Dat is letterlijk terug te zien in de pirouettes van Olga Kurylenko, die flink wat rondjes draait door zowel Parijs als Texas, maar vooral ook in de elegante manier van bewegen van alle personen. In de manier waarop mensen op elkaar afkomen of van elkaar weggaan, in kleine maar belangrijke gebaren. En natuurlijk in het wederom zwierende, fantastische camerawerk van Emmanuel Lubezki, al een decennium lang misschien wel de belangrijkste medewerker van de regisseur. Malick schreef tijdens het filmen hele passages tekst voor zijn acteurs, maar vroeg ze vervolgens vaak de gevoelens daarin uit te beelden met lichaamstaal in plaats van ze uit te spreken.

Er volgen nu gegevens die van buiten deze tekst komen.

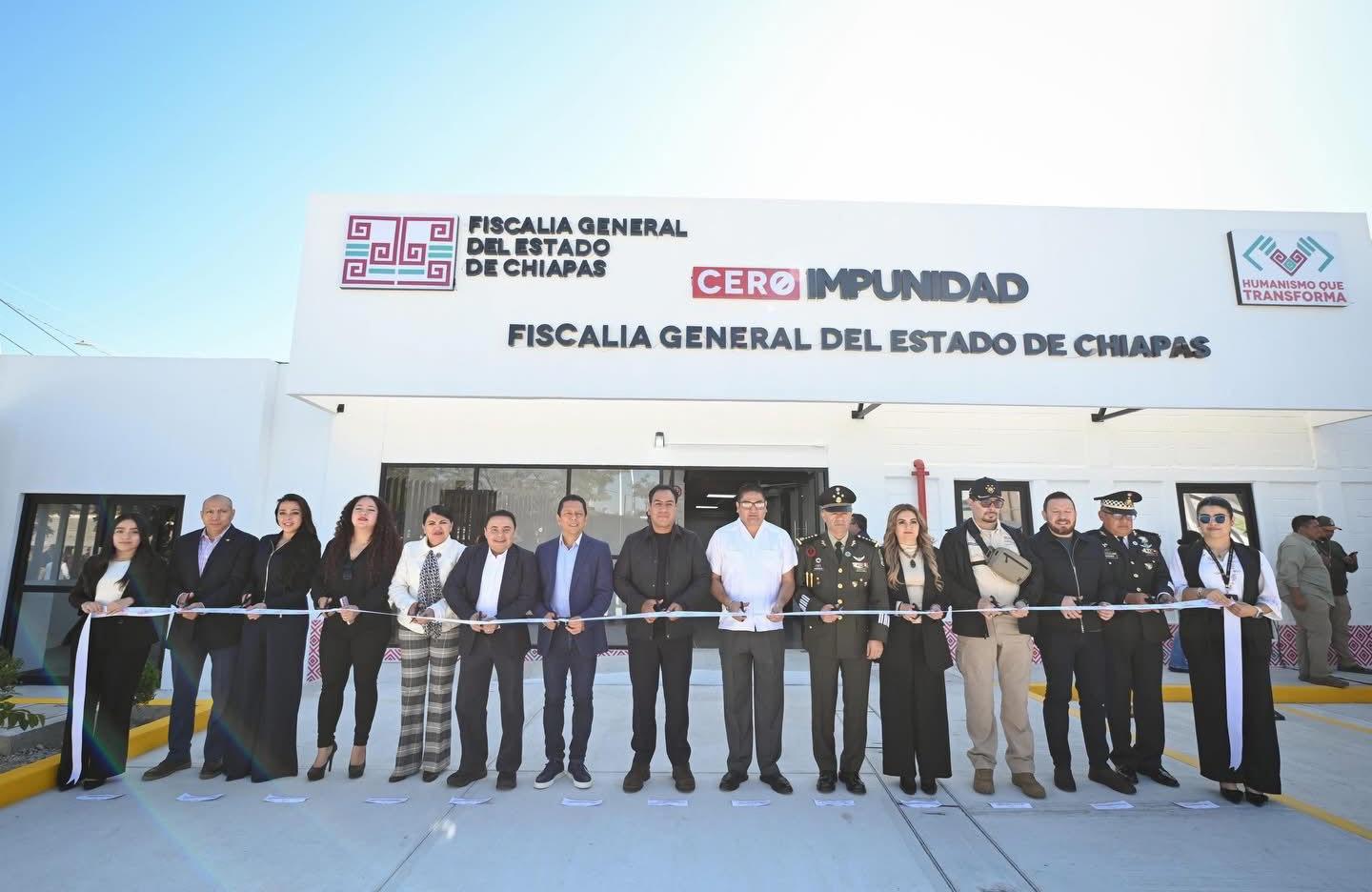 Tuxtla Gutiérrez, Chiapas; 3 de febrero de 2026.El gobernador Eduardo Ramírez Aguilar, junto al director de Atención a Víctimas de la Unidad Antisecuestro y Antiextorsión de la Secretaría de Seguridad y Protección Ciudadana (SSPC) federal, José Luis Rojas Rivera; y el fiscal general del Estado, Jorge Luis Llaven Abarca, encabezó la inauguración de las instalaciones de la Fiscalía de Investigaciones Estratégicas, donde se puso en marcha la Unidad Especializada para Combatir el Delito de Extorsión así como el relanzamiento de la app “No te enganches ¡Cuelga y denuncia!”.

Het resultaat is zowel melodramatisch als minimalistisch. De soms nogal wollige teksten belandden in een voice-over, en sommige gebaren en bewegingen zijn juist vrij theatraal en overdreven, terwijl anderen gracieus en subtiel zijn. Mede door deze nog extremere non-traditionele vorm is To the Wonder Malicks minst toegankelijke film tot nu toe. Het helpt daarbij niet echt dat de klassieke muziekstukken waar Malick deze keer voor koos, en de originele score van Hanan Townshend, zwaar op de al serieuze stemming van de film drukken. Het verheffende en verlichtende van bepaalde sequenties in The Tree of Life blijft hier grotendeels uit.
Na dat hoogtepunt van zijn carrière is To the Wonder toch een lichte teleurstelling, die de vraag oproept of Malick niet iets meer de tijd had moeten nemen: dit is voor het eerst dat er niet minstens vijf jaar tussen twee opeenvolgende films van hem zit. De mooie beelden en cameravoering van Lubezki zijn voortdurend fantastisch (soms gaan scènes over van avond op ochtend, enkel en alleen omdat er dan in 'magic hour'-licht kon worden gefilmd), maar de associatieve montage is dit keer meer gesloten en minder uitnodigend. To the Wonder is Malicks meest afstandelijke en abstracte film tot nu toe. Opmerkelijk aangezien hij het liefdesverhaal en de rol van religie daarin op zeer persoonlijke ervaringen baseerde.